I just wanted to know how strong that type of anchor is. If, for example, I want to put up a shelf in the unfinished portion of my basement sometime in the future, would that type of anchor be suitable?


----------



## TheEplumber (Jul 20, 2010)

dftc said:


> I've read on other forums that a nail driven into a hole with a piece of steel wire can work as a concrete anchor.
> My question is how strong is that type of fastener? For example, is it adequate to attach framing to a wall, or is it only for light-weight applications?


I have often times seen and used this method on the job site- mainly for pining something "temporary" or that has no structural value.
Another method- more convenient, is a 1/4" hole with 2 16 pennies driven into the hole. I see this used a lot by concrete form setters


----------



## dftc (Nov 12, 2012)

TheEplumber said:


> I have often times seen and used this method on the job site- mainly for pining something "temporary" or that has no structural value.
> Another method- more convenient, is a 1/4" hole with 2 16 pennies driven into the hole. I see this used a lot by concrete form setters


Thanks. So I assume that this is used for temporary installations and is therefore fairly easy to remove. I imagine the form setters are intending to remove their forms at some point and don't want to break their backs doing it.


----------



## TheEplumber (Jul 20, 2010)

dftc said:


> Thanks. So I assume that this is used for temporary installations and is therefore fairly easy to remove. I imagine the form setters are intending to remove their forms at some point and don't want to break their backs doing it.
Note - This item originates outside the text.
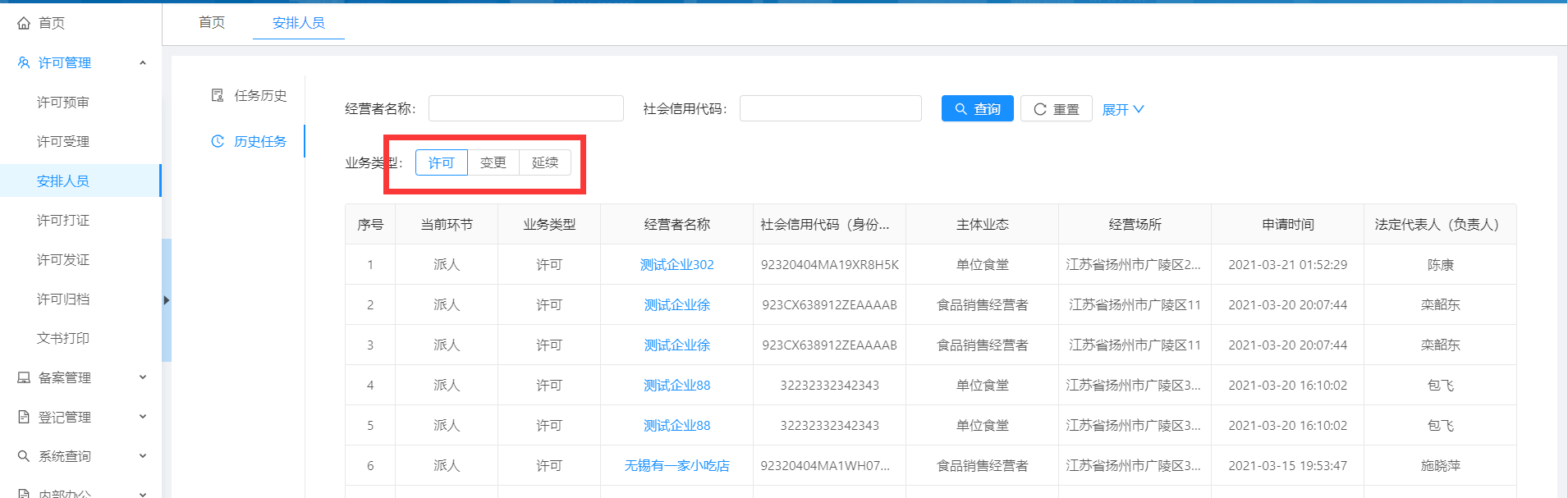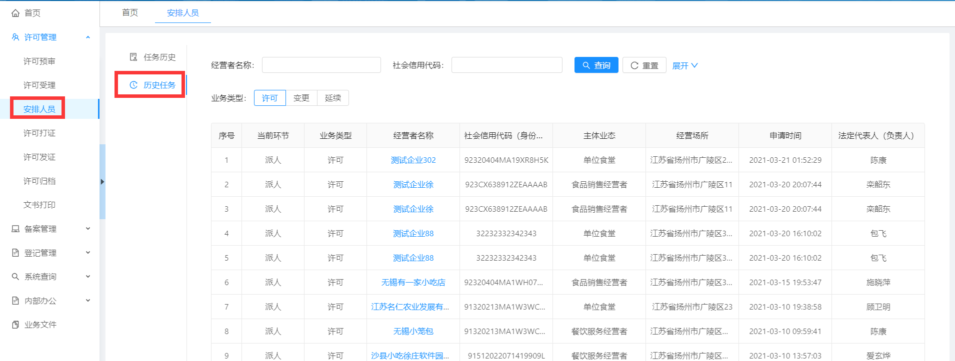 点击菜单【安排人员】-【历史任务】,可以看到所有自己安排人员过的企业信息。

Yep, good for shear strength. I wouldn't use these methods when you're concerned about pulling strength. 
It's simple to drill the 1/4" hole through a 2x, into the concrete and drive a couple nails into it. A few days later come back with a pry bar a pop them out.


----------



## Leekneelake (4 mo ago)

dftc said:


> I've read on other forums that a nail driven into a hole with a piece of steel wire can work as a concrete anchor.
> My question is how strong is that type of fastener? For example, is it adequate to attach framing to a wall, or is it only for light-weight applications?


This is very strong I know many people that have used it to secure 1x3 over styrofoam sheeting to secure drywall also if the drill is correct size and you use a soft wire example copper good luck trying to take it out with. Go do it one time and try to remove the mail c what happens


----------



## Nealtw (Jun 22, 2017)

We use that all the time, a lot when we are building concrete forms. 
Pull one out some time and see just how good they hold. 
We call it pinning.


----------



## chandler48 (Jun 5, 2017)

It's a 9 year old thread. Hopefully the project is well under way


----------



## Leekneelake (4 mo ago)

Nealtw said:


> We use that all the time, a lot when we are building concrete forms.
> Pull one out some time and see just how good they hold.
> We call it pinning.


When you strip your concrete forums it is not cured and is still soft try it in hard concrete twist nail and wire good luck


----------



## Nealtw (Jun 22, 2017)

Leekneelake said:


> When you strip your concrete forums it is not cured and is still soft try it in hard concrete twist nail and wire good luck


I was talking about form stairs beside concrete or an addition to a foundation. We use double head nails for that and you won't pull them out with a hammer, a crow bar is what pulls them.


----------



## Klop (Dec 5, 2021)

3/16" masonry hammer drill bit
16 penny duplex nail
1 or 2 cut tie wire


----------